*WHAT THE TASK ASKS*
Everything from the line with "Gentry 60 in." down to the line with "Bolsonaro também provocou" below must be printed exactly, those two lines included. Exclude pictures.

*INFORMATION*
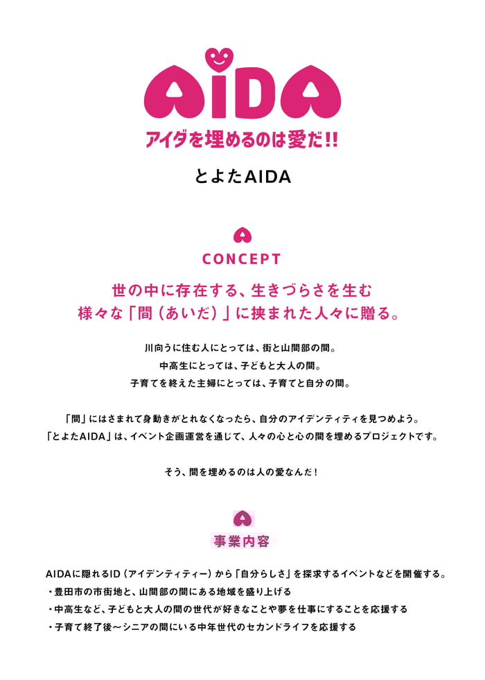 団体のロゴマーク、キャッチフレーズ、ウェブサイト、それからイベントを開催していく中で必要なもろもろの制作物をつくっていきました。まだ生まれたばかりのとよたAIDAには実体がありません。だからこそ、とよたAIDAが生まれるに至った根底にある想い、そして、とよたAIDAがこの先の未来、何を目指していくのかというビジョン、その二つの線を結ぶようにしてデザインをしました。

==

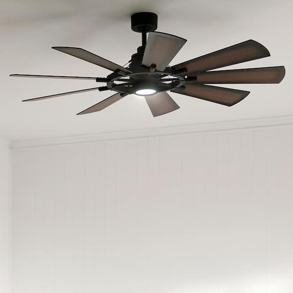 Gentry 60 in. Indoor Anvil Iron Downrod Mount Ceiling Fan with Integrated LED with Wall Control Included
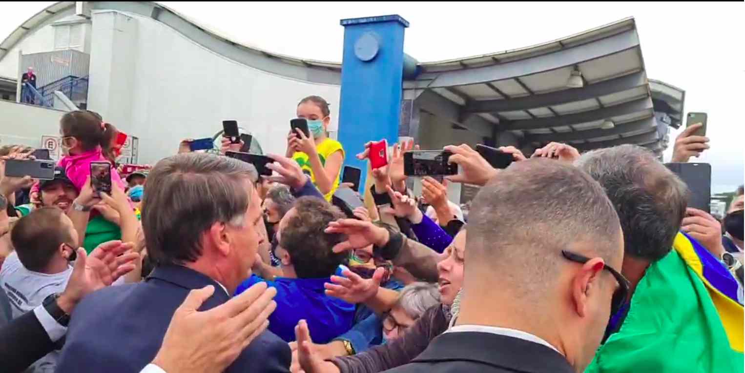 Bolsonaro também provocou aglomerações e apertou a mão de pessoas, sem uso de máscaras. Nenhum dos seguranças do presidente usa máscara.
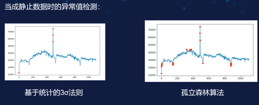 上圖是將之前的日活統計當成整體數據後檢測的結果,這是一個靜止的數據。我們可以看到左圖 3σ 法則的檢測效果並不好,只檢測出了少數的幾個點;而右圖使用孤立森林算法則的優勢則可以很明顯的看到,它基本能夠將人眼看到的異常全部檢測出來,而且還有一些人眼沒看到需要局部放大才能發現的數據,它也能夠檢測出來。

*COMPLETED TASK*
 Gentry 60 in. Indoor Anvil Iron Downrod Mount Ceiling Fan with Integrated LED with Wall Control Included
 Bolsonaro também provocou aglomerações e apertou a mão de pessoas, sem uso de máscaras. Nenhum dos seguranças do presidente usa máscara.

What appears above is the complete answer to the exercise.